* [Description of the task]:
Using the listing below, show all lines that hold the word "Брскова".

* [Given data]:
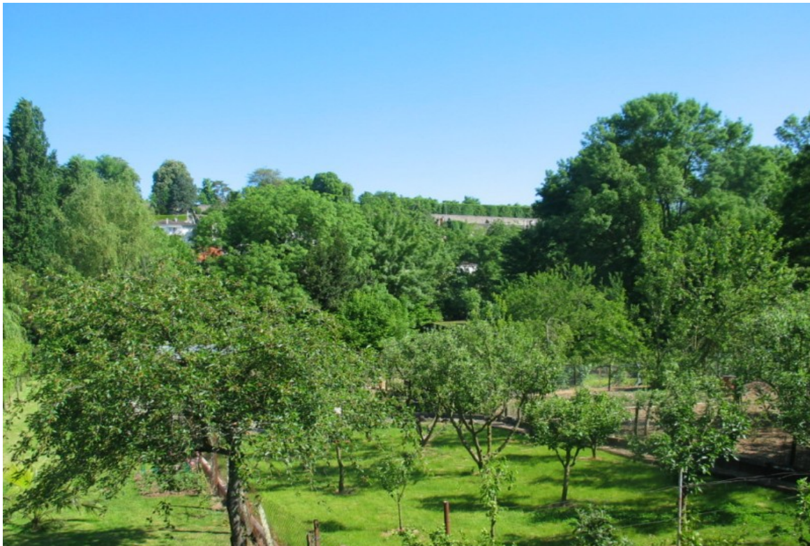
Photo 12 Vue à partir de la rue du Bas des Sables sur les jardins potagers, les vergers ou les jardins d'agrément en fond de vallée en rive droite, ici un peu en amont du parc de Blossac que l'on aperçoit au fond du cliché.
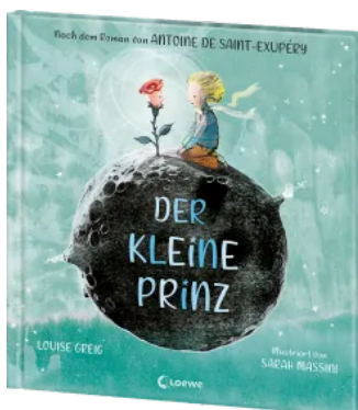
Der kleine Prinz Hardcover
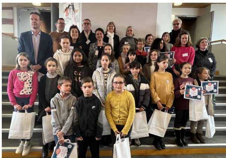
19 enfants devant le jury composé de (haut gauche à droite)

La qualité de l'organisation et l'accueil ont été soulignés par le public. Merci aux bénévoles, parents, mécènes-partenaires, élèves et à la municipalité pour cette première finale.
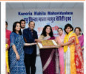
महिला शिरोमणि सम्मान 2019
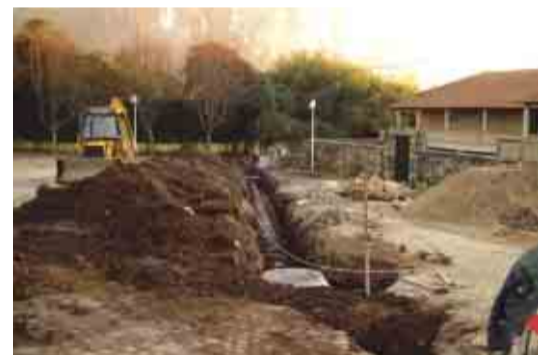
LANDIM Revitalização da Alameda do Mosteiro
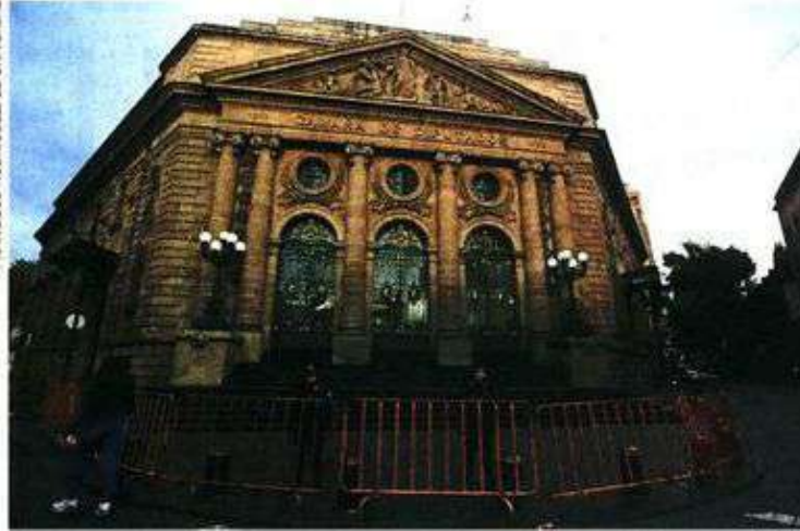
Desde la tarde del domingo, el Congreso de la Ciudad de México fue cercado con vallas metálicas.
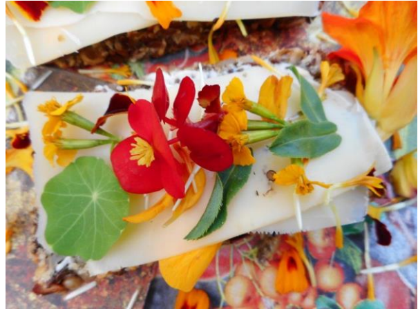
'Wild' broodje gezond

In Limburg een mooie dag beleefd in de kruidentuin te Tegelen bij Steyl en in Steyl bij de Jochumhof, een botanische tuin. Op 1 maart gaan we weer aan de wandel en dan gaan we naar Elsloo waar we zeker van het daslook gaan genieten.
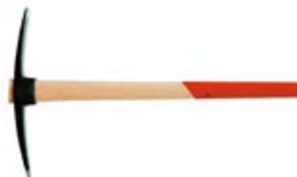
Кирка LOM кованая (деревянная рукоятка)
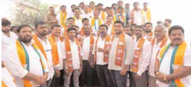
పార్టీలో చేరిన నాయకులు
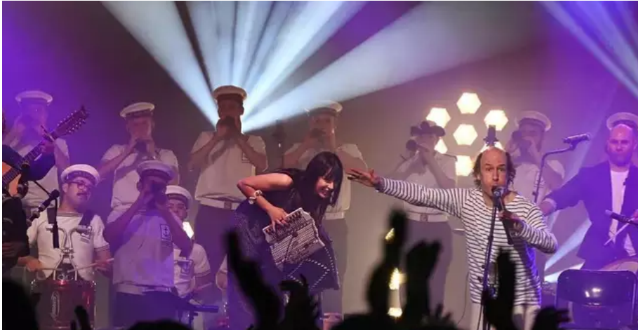
Le bagad de Lann-Bihoué accompagne régulièrement Carlos Núñez. Il y a de bonnes habitudes...

C'est un chercheur, un voyageur, qui à travers les siècles nous ramène à l'époque médiévale, s'entourant de fidulas pour interpréter L'hymne aux pèlerins nous menant sur le chemin de Compostelle.
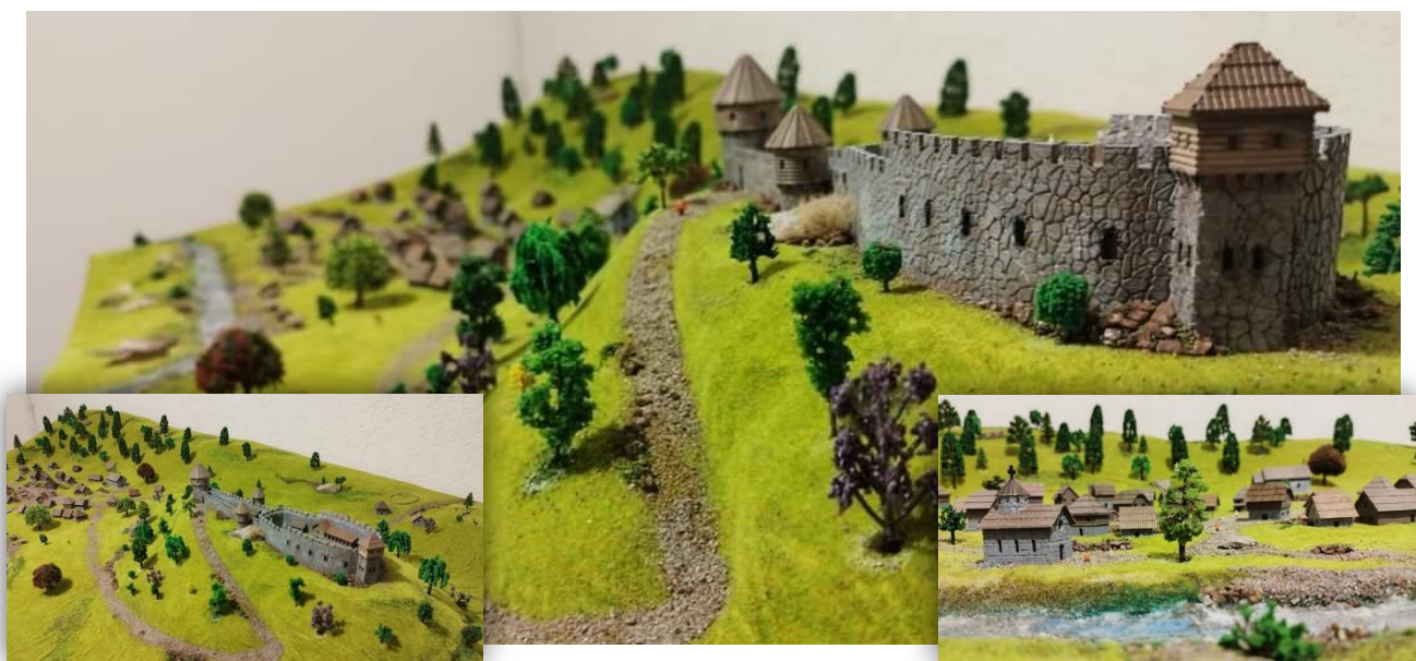
Слика 6. Макета средњовјековног Брскова

Руководство општине интезивно ради на убрзању пројекта дигиталне реконструкција утвђења Градина и рударског насеља Догањица кроз 3Д виртуелну туру која ће представљати шетњу кроз прошлост. Овај локалитет је од непроцјењивог значаја за општину Мојковац, којем ћемо утврдити будућу намјену. Одредићемо пројектни задатак и смјернице за израду идејног пројекта реплике средњовјековног краљевског и престоног града Брскова. Изградњом реплике срењовјековног Брскова и његовом афирмацијом Мојковац ће постати препознатљив културно туристички центар и ван граница Црне Горе.

* [Task answer]:
Слика 6. Макета средњовјековног Брскова
Руководство општине интезивно ради на убрзању пројекта дигиталне реконструкција утвђења Градина и рударског насеља Догањица кроз 3Д виртуелну туру која ће представљати шетњу кроз прошлост. Овај локалитет је од непроцјењивог значаја за општину Мојковац, којем ћемо утврдити будућу намјену. Одредићемо пројектни задатак и смјернице за израду идејног пројекта реплике средњовјековног краљевског и престоног града Брскова. Изградњом реплике срењовјековног Брскова и његовом афирмацијом Мојковац ће постати препознатљив културно туристички центар и ван граница Црне Горе.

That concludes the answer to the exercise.